= PROMPT =
Could you please transcribe the data exactly, without the pictures?
** Opening DATASET EXTRACT block **
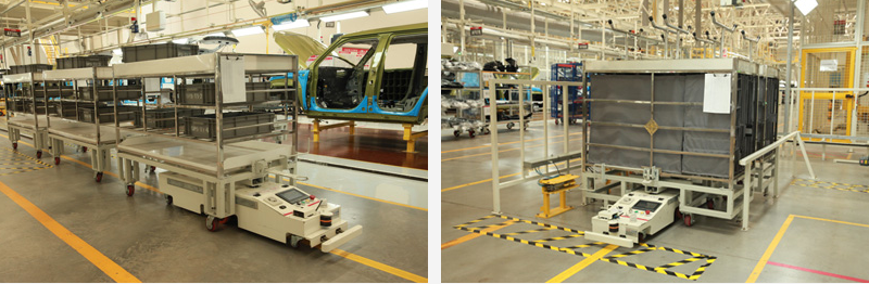 北汽(鎮(zhèn)江)汽車有限公司屬于北汽集團(tuán),主要生產(chǎn)中高端SUV及核心零部件,該AGV項(xiàng)目用于總裝車間內(nèi)飾線與車門線物料配送,配送方式采用SPS供給模式,并結(jié)合線邊自動(dòng)上下線系統(tǒng),將物料按正確的數(shù)量在準(zhǔn)確的時(shí)刻運(yùn)送到正確的地點(diǎn),實(shí)現(xiàn)無人化配送,滿足生產(chǎn)線40JPH節(jié)拍。AGV采用磁道航導(dǎo)引系統(tǒng),并通過控制系統(tǒng)與其他管理系統(tǒng)即時(shí)通訊,可實(shí)現(xiàn)無人自動(dòng)化運(yùn)輸,是汽車行業(yè)等提升行業(yè)競爭力、減少人工成本、提高倉配效率的選擇。
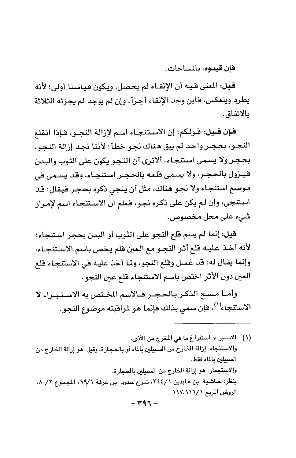 فإن قيل: قولكم: إن الاستنجاء اسم لإزالة النجو، فإذا انقلع النجو، بحجر واحد لم يبق هناك نجو خطأ؛ لأنَّنا نجد إزالة النجو بحجر ولا يسمى استنجاء، ألا ترى أن النجو يكون على الثوب والبدن فيزول بالحجر، ولا يسمى قلعه بالحجر استنجاء، وقد يسمى في موضع استنجاء ولا نجو هناك، مثل أن ينجي بحجر فيقال: قد استنجى، وإن لم يكن على ذكره نجو، فعلم أن الاستنجاء اسم لإمرار شيء على محل مخصوص.
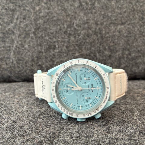 Herreur, Omega, Omega x Swatch “Mission to the Sun”, S033J100, årgang 2022, quartz, nystand. Komplet med boks og papirer.
** Closing DATASET EXTRACT block **
= SOLUTION =
 北汽(鎮(zhèn)江)汽車有限公司屬于北汽集團(tuán),主要生產(chǎn)中高端SUV及核心零部件,該AGV項(xiàng)目用于總裝車間內(nèi)飾線與車門線物料配送,配送方式采用SPS供給模式,并結(jié)合線邊自動(dòng)上下線系統(tǒng),將物料按正確的數(shù)量在準(zhǔn)確的時(shí)刻運(yùn)送到正確的地點(diǎn),實(shí)現(xiàn)無人化配送,滿足生產(chǎn)線40JPH節(jié)拍。AGV采用磁道航導(dǎo)引系統(tǒng),并通過控制系統(tǒng)與其他管理系統(tǒng)即時(shí)通訊,可實(shí)現(xiàn)無人自動(dòng)化運(yùn)輸,是汽車行業(yè)等提升行業(yè)競爭力、減少人工成本、提高倉配效率的選擇。
 فإن قيل: قولكم: إن الاستنجاء اسم لإزالة النجو، فإذا انقلع النجو، بحجر واحد لم يبق هناك نجو خطأ؛ لأنَّنا نجد إزالة النجو بحجر ولا يسمى استنجاء، ألا ترى أن النجو يكون على الثوب والبدن فيزول بالحجر، ولا يسمى قلعه بالحجر استنجاء، وقد يسمى في موضع استنجاء ولا نجو هناك، مثل أن ينجي بحجر فيقال: قد استنجى، وإن لم يكن على ذكره نجو، فعلم أن الاستنجاء اسم لإمرار شيء على محل مخصوص.
 Herreur, Omega, Omega x Swatch “Mission to the Sun”, S033J100, årgang 2022, quartz, nystand. Komplet med boks og papirer.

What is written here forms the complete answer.